- Dissolved: 1957
- Merged into: Democratic Labour Party

= Trinidad Labour Party =

Political party in Trinidad and Tobago

The Trinidad Labour Party was a political party in Trinidad and Tobago. Formed in 1934 when the Trinidad Workingmen's Association changed its name, it was the country's first party.

==History==
The party was originally a trade union named the Trinidad Workingmen's Association. Its leader Arthur Andrew Cipriani was elected to the Legislative Council in the 1925 elections. It was renamed the Trinidad Labour Party in 1934, becoming the country's first political party. The party's ambition was to reform the colony's system from within through a series of gradual improvements for workers. However, economic problems caused by the Great Depression made progress difficult. The Butler Party was established by the more radical Tubal Uriah Butler, and took over from the TLP as the main voice of the islands' workers.
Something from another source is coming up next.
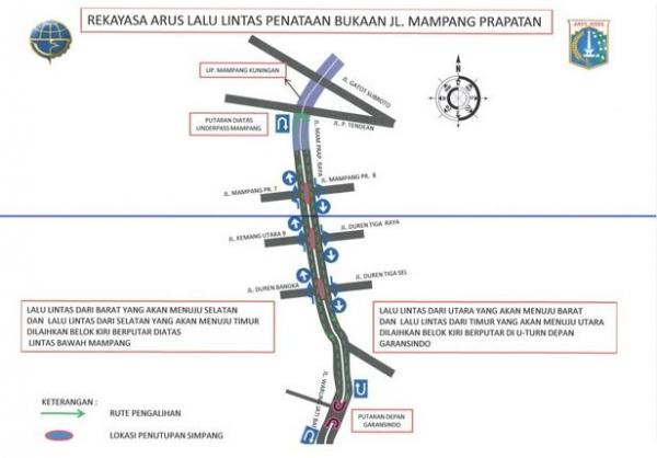 Dia menjelaskan, ada beberapa rekayasa lalu lintas yang disiapkan instansinya pascapenutupan tiga simpang empat di Jalan Mampang Prapatan nanti. Pertama, penutupan dilakukan di simpang Jalan Mampang Prapatan Raya–Jalan Mampang Prapatan 7–Jalan Mampang Prapatan 8. Lalu lintas dari arah utara menuju barat yang semula belok kanan menuju Jalan Mampang Prapatan 7, dialihkan lurus ke selatan untuk kemudian berputar di putaran depan Garansindo.Selanjutnya, lalu lintas dari arah timur ke barat yang semula lurus menuju Jalan Mampang Prapatan 7, atau; dari arah timur ke utara yang semula belok kanan menuju Kuningan, akan dialihkan belok kiri untuk berputar di putaran depan Garansindo. Sementara, lalu lintas dari arah barat menuju selatan yang semula belok kanan menuju Ragunan, dialihkan belok kiri untuk berputar di atas putaran lintas bawah Mampang.Kedua, penutupan dilakukan di simpang Jalan Mampang Prapatan Raya–Jalan Duren Tiga Raya–Jalan Kemang Utara 9. Lalu lintas dari arah utara menuju barat yang semula belok kanan menuju ke Jalan Kemang Utara 9, dialihkan lurus ke selatan untuk kemudian berputar di putaran depan Garansindo.Lalu lintas dari arah timur menuju barat yang semula lurus menuju Jalan Kemang Utara 9, atau; dari arah timur ke utara yang semula belok kanan menuju Kuningan, dialihkan belok kiri untuk berputar di putaran depan Garansindo. Sementara, lalu lintas dari arah barat menuju selatan yang semula belok kanan menuju Ragunan, dialihkan belok kiri untuk berputar di atas putaran lintas bawah Mampang.

The Butler Party supported strikes and riots in the 1930s, whilst the Labour Party opposed them.

In the 1946 general elections, the first held under universal suffrage, the Labour Party received just 1.1% of the vote and failed to win a seat. In the 1950 elections its vote share rose to 7.9% and it won two seats. For the 1956 elections it ran as the Trinidad Labour Party-National Development Party and retained both seats. In 1957 it merged into the Democratic Labour Party.

The party was resurrected for the 1981 elections, but received just 34 votes and failed to win a seat. It did not contest any further elections.